Task instructions:
When you transcribe the listing, keep each line exact and drop the pictures.

Provided material:
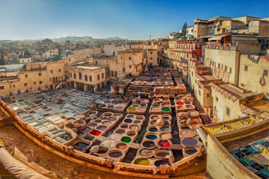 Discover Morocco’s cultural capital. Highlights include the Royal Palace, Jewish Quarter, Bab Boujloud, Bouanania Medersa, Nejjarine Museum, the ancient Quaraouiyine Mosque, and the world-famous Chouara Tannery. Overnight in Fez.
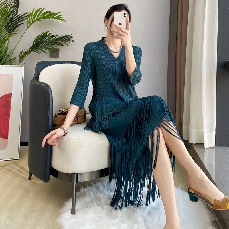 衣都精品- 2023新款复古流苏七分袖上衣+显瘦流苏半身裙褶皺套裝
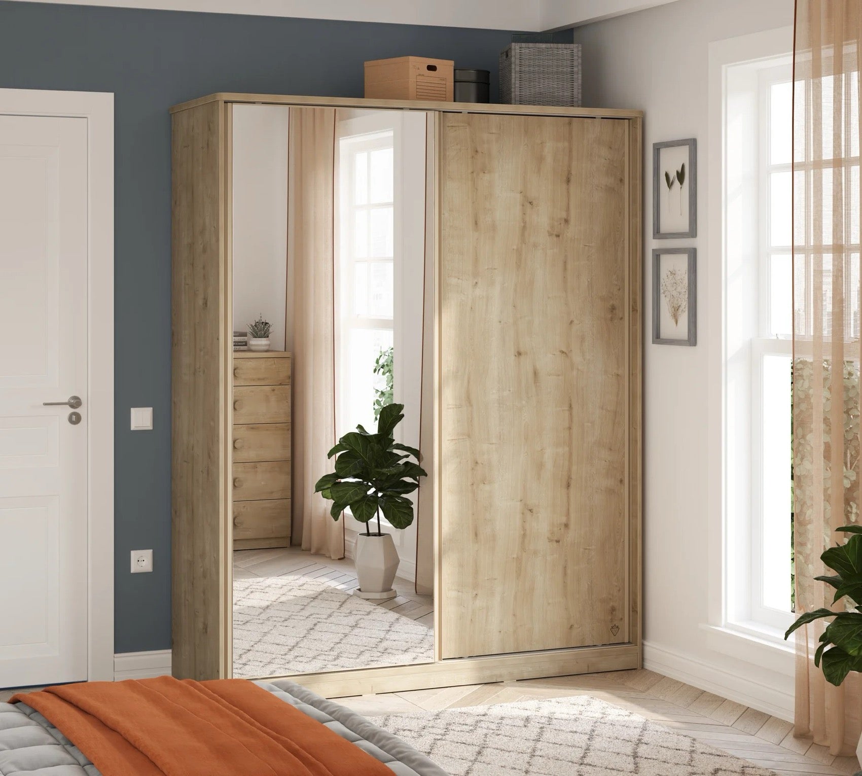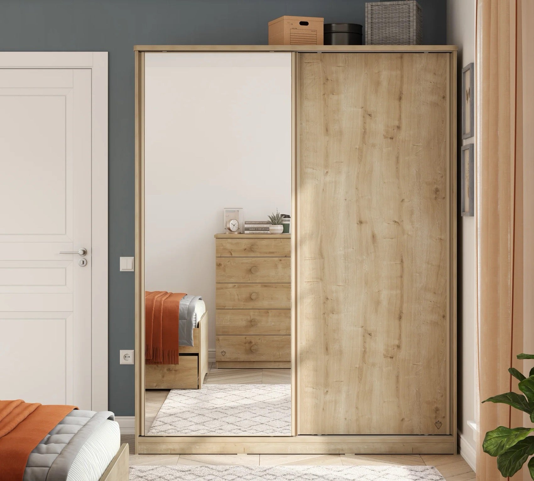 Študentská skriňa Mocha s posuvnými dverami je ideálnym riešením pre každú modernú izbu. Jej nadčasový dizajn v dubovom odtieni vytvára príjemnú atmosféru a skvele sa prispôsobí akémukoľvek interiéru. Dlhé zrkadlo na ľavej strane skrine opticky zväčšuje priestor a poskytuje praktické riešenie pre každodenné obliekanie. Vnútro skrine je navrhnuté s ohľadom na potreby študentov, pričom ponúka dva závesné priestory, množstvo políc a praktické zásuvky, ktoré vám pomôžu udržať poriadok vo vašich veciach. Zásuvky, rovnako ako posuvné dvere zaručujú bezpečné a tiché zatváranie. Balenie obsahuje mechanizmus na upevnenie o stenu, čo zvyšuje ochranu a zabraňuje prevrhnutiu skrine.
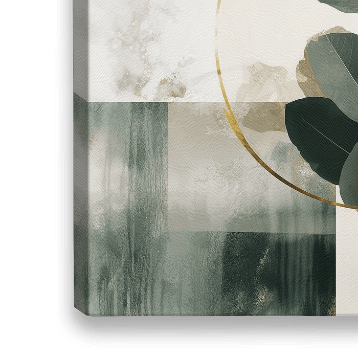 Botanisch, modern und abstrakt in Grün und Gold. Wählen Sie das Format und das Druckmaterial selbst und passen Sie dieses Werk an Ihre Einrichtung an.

Answer section:
 Discover Morocco’s cultural capital. Highlights include the Royal Palace, Jewish Quarter, Bab Boujloud, Bouanania Medersa, Nejjarine Museum, the ancient Quaraouiyine Mosque, and the world-famous Chouara Tannery. Overnight in Fez.
 衣都精品- 2023新款复古流苏七分袖上衣+显瘦流苏半身裙褶皺套裝
 Študentská skriňa Mocha s posuvnými dverami je ideálnym riešením pre každú modernú izbu. Jej nadčasový dizajn v dubovom odtieni vytvára príjemnú atmosféru a skvele sa prispôsobí akémukoľvek interiéru. Dlhé zrkadlo na ľavej strane skrine opticky zväčšuje priestor a poskytuje praktické riešenie pre každodenné obliekanie. Vnútro skrine je navrhnuté s ohľadom na potreby študentov, pričom ponúka dva závesné priestory, množstvo políc a praktické zásuvky, ktoré vám pomôžu udržať poriadok vo vašich veciach. Zásuvky, rovnako ako posuvné dvere zaručujú bezpečné a tiché zatváranie. Balenie obsahuje mechanizmus na upevnenie o stenu, čo zvyšuje ochranu a zabraňuje prevrhnutiu skrine.
 Botanisch, modern und abstrakt in Grün und Gold. Wählen Sie das Format und das Druckmaterial selbst und passen Sie dieses Werk an Ihre Einrichtung an.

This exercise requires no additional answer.